By average statistics, May _ not April _ is the rainiest month for Long Island.
  • Spring can be frustrating on Long Island. Ocean waters which moderate summers and extend fall overlay fog and chill even as inland areas warm quickly.  For residents, the season brings hyperbolic hopes and overwrought disappointments.

No need for abstract paintings when wet flagstones shine through overlaid maple spinners sown by strong thunderstorm winds.
  • By mid-May, the visual tease has climaxed.  Early floral bulbs have popped and vanished.  Most trees are in full leaf.  Shrubs are violently displaying colors, birds have aggressively nested, grass demands to be mown.  Human cycles require a return of noisy yard crews and extensive beginning building renovation.  Birdsong fills perfumed air, chipmunks are out of hibernation, bumblebees lurch overhead.  And yet _ each morning is often clammy and dark, some noons never rise above fifty degrees, and rain arrives more frequently than trains to the city.  Meanwhile, summer visions sparkle in all imaginations.

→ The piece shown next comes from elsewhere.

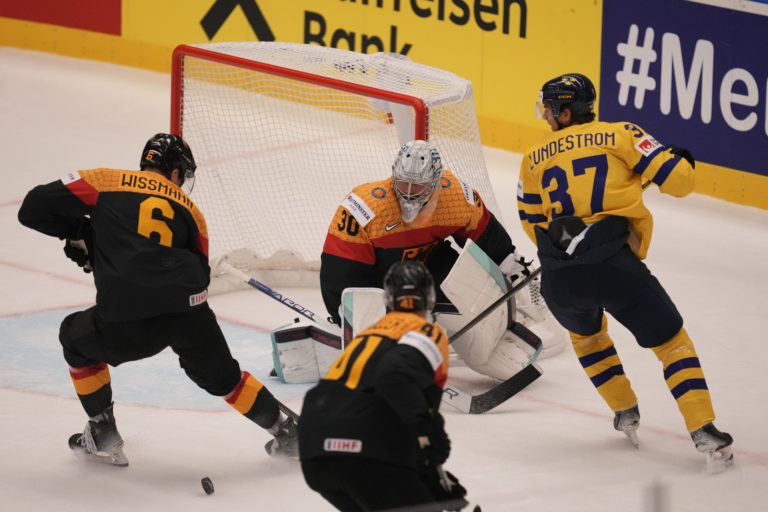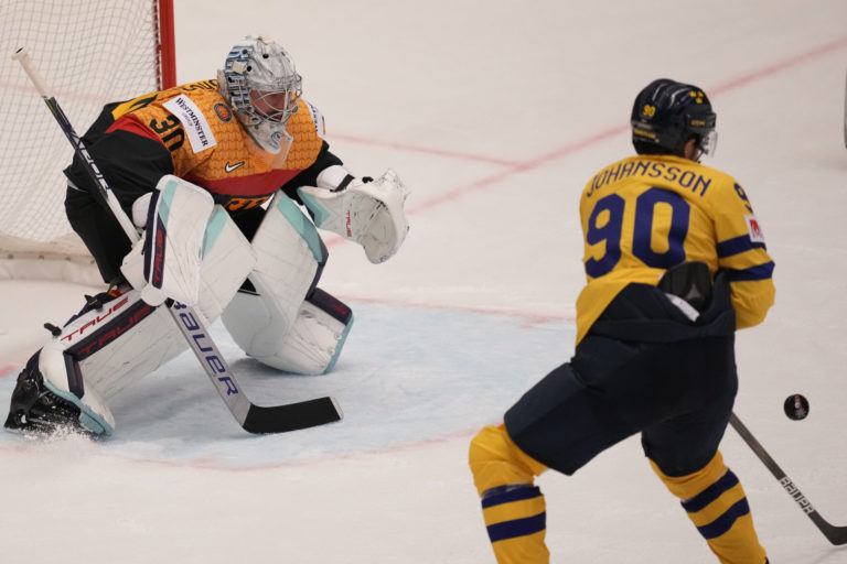 Brankár Nemecka Philipp Grubauer (vľavo) v akcii počas zápasu základnej B-skupiny proti Švédsku na MS v hokeji 2024. Ostrava (Ostravar Aréna), 13. máj 2024. Foto: SITA/AP
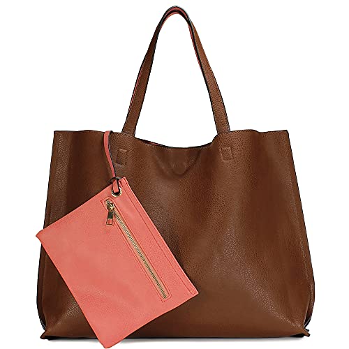 Scarleton Elegant vändbar tygväska för kvinnor, vegansk läderaxelväska, hobo väska, axelväska, H1842, Brun/korallrosa, 15.5 "x 13" x 5.5 ", handväska

Geese aggressively defensive with newly hatched goslings and they do not care if you are big or not.
  • Each day delivers impossible, beautiful, affirming change.  Animals _ including humans _ are in love and ready for love.  Ducks have paired off, swans have hatched grey cygnets, squirrels chase mates around the yard.  Fish begin their annual cycles, while osprey swoop overhead determined to find food for their families.  Turtles at Hecksher pond climb into a warming sun on island banks.  A season of saturated hormones, as life continues its primary business of continuation.  A stroll through parks and malls reveals people young and old holding hands or enviously looking at those who do.

Abundant wisteria drapes trees everywhere, an unusual purple in landscape filled with red, pink, green, and white.
  • More practical inhabitants begin chores and check off chore lists.  Maritime areas are frenzied with boats splashing into water, docks and pilings undergoing repair, buoys anchored in place after onshore winter storage.  Garden centers stack fertilizer and soil conditioners, while at home remaining layers of leaves are removed from flower beds.  Tree trimmers frantically chainsaw old branches before heavy new foliage makes such tasks much harder.  And there are always the repairs to buildings and roads after harsh snowy winter.

Bleeding hearts have been appropriate on nasty wet mornings, but will soon depart as the warm weather arrives for good.
  • On relatively mild days, children are sprung loose as if a dam burst.  The playground is filled with noise and rushing small bodies.  But it is all so new, so welcome, that even the oldest grumps are not complaining at all the commotion. 

May is an active working month for our maritime industries; barges and floating cranes are a common sight.
  • Spring in Huntington.  Not Paris, perhaps _ well, not Paris, certainly _ but magical enough to cause even the most depressed misanthrope to smile in spite of himself.

Azaleas in full glory, unfortunately cut short by a week of cold drizzle and thunderous downpours.